Project Details
Ion tracks as electrically conducting nanowires
Subject Area
Experimental Condensed Matter Physics
Term
from 2012 to 2016
Project identifier
Deutsche Forschungsgemeinschaft (DFG) - Project number 206649505
Ion tracks in matter are generated during irradiation with swift heavy ions by high and very local electronic energy loss. The structural changes induced in this way often yield to amorphous tracks or defect enriched latent tracks. In very few cases one finds a local phase transformation form an electrically insulating to a conductive phase.
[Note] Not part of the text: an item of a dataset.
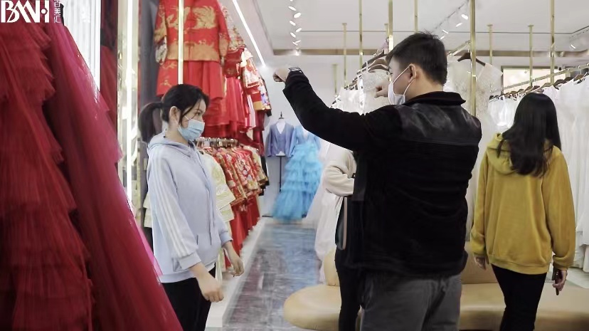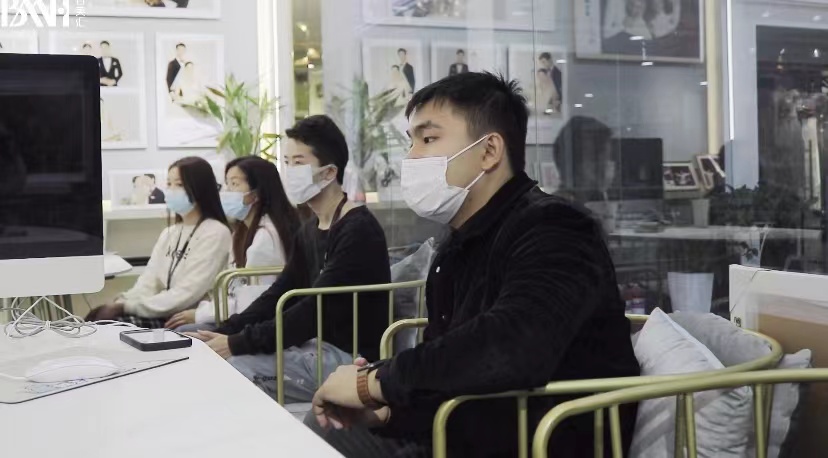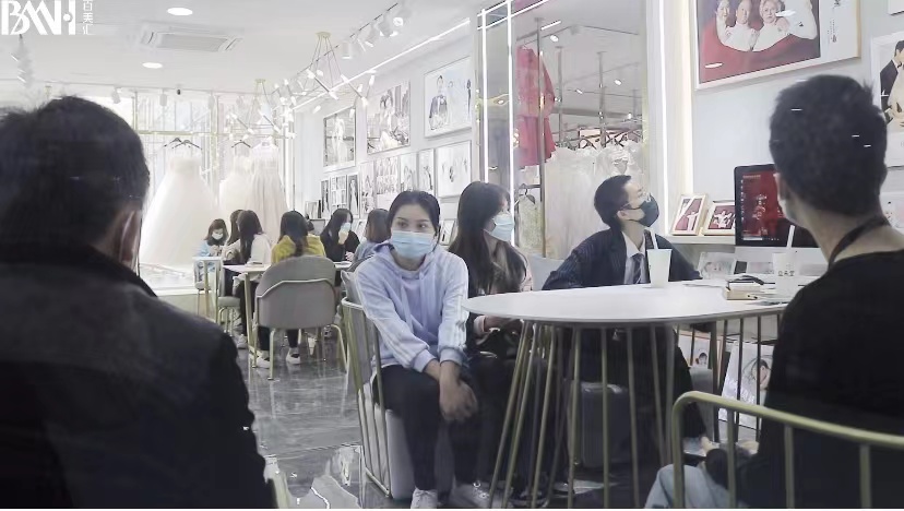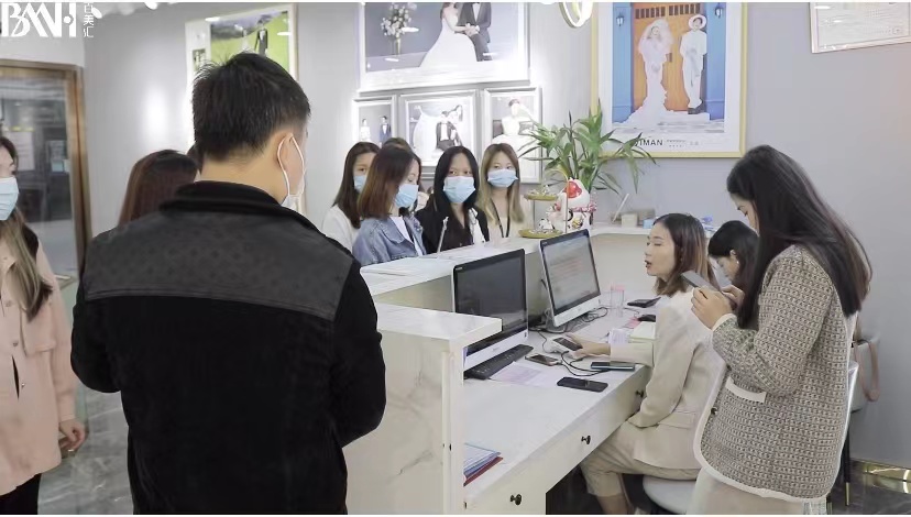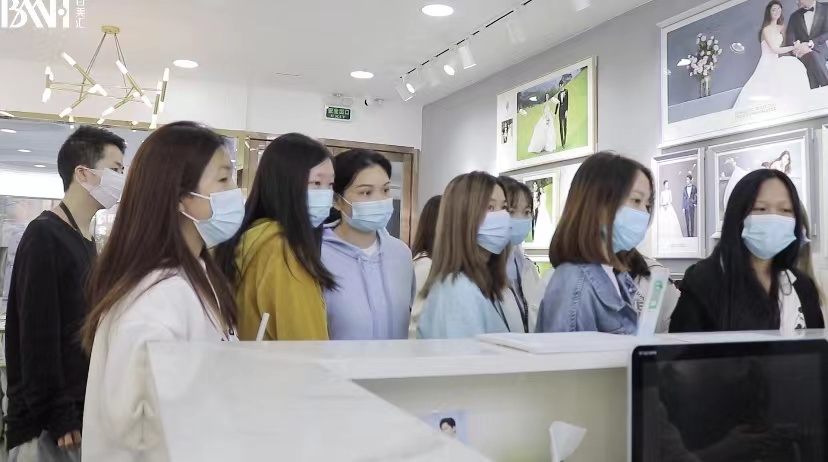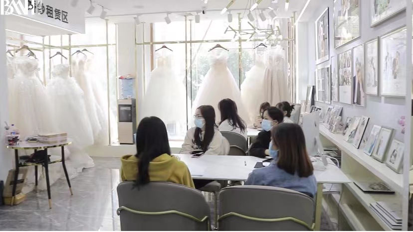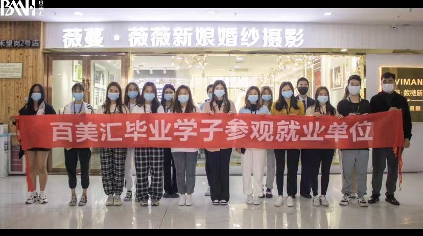 在薇蔓婚纱摄影店,同学们参观了店铺环境,对店内作品风格以及工作内容、企业文化、薪资待遇各个方面都有了一个了解,这也是企业参观的一个重要目的。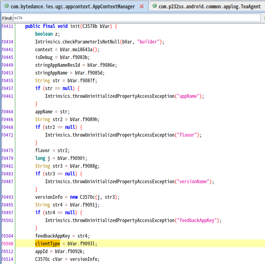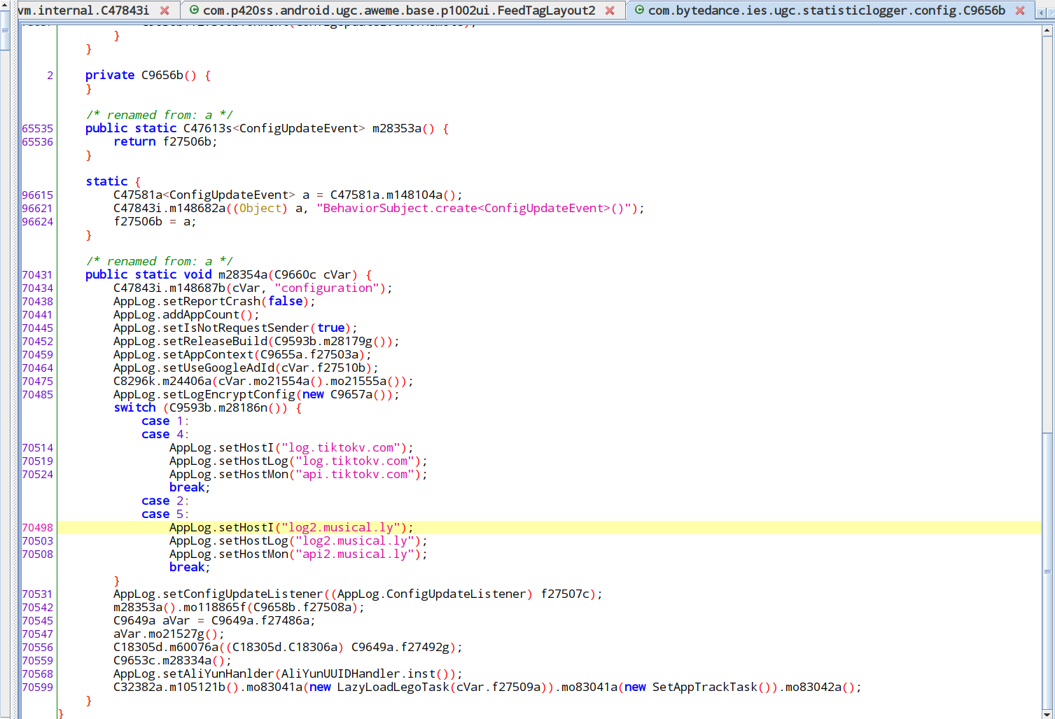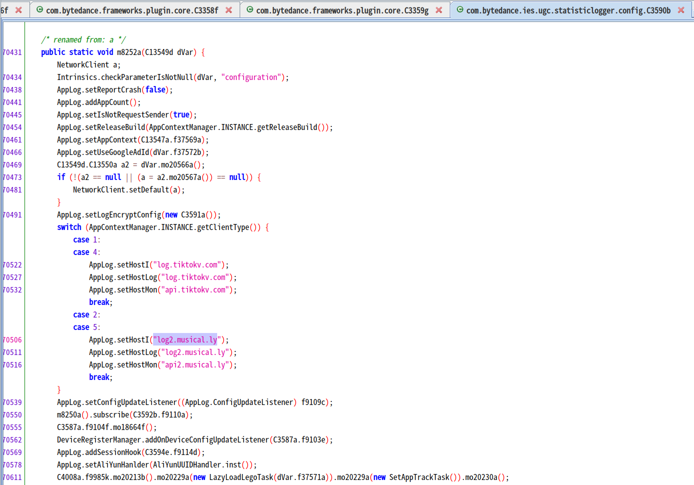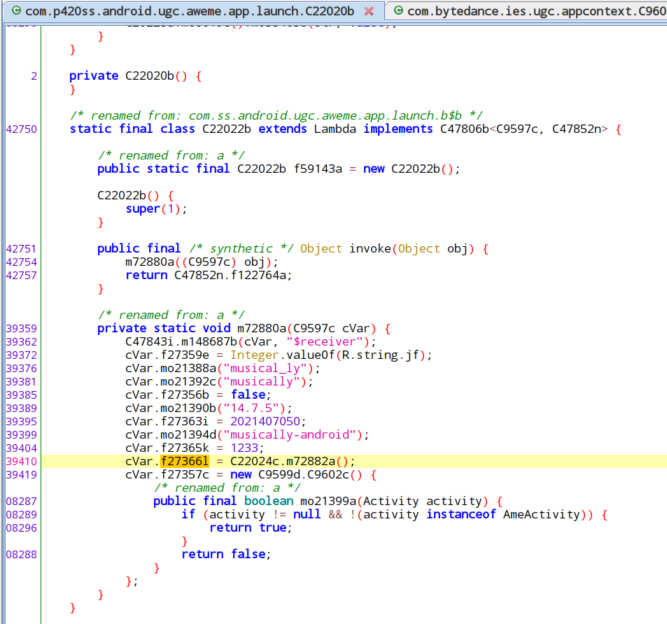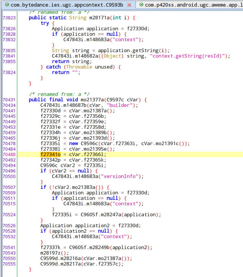 4. In most of TikTok and Douyin source code, Java class, function, and field names are obfuscated to just one single Latin character. To aid reverse engineering, we enabled the “–deobf” option provided by the JADX Java decompiler. The “–deobf” feature renamed these single-character names into more distinguishable alphanumeric names such as “C9656b” in the decompiled Java code. Different versions and settings will cause JADX to generate different alphanumeric names for the same original Java name. The original single-character Java name can be obtained by removing the first leading group of alphabetic plus numeric characters, for example, the deobfuscated name “C9656b” corresponds to the original name “b”. The rest of this report contains both of these two kinds of names.↩︎

This is the case for tetrahedral amorphous carbon (ta-C) which locally converts to a sp2 bonded conductive phase upon irradiation with e.g. GeV 238U ions. The diameter of the conducting tracks is only 8 nm. Thus, conducting ion tracks possess the potential to realize novel nanoscale electronic devices. It seems that beside ta-C other materials like VO2 , rare earth nickelates and Fe3O4, which undergo an insulator-metal transition as function of temperature, are also suited to generate conducting ion tracks. Such systems may be of interest for all-oxide electronic devices and because of their thermoelectric behaviour. The aim of the proposal is to tailor the track conductivity in ta-C towards high and uniform conductivity with Ohmic conduction. This shall be achieved by doping of the ta-C matrix with suited metal atoms and also by ion irradiation with high charge state ions (high energy loss). Furthermore, the formation, the microstructure and the properties of conducting ion tracks in VO2 thin films shall be investigated. The potential of ion track electronics shall be studied for interrupted tracks, prepared by irradiating layered film structures of ta-C and insulating BN spacer layers. In this way conducting ion tracks provide the contacts to a small volume of few nm3 in size which may exhibit Coulomb blockade effects even at room temperature.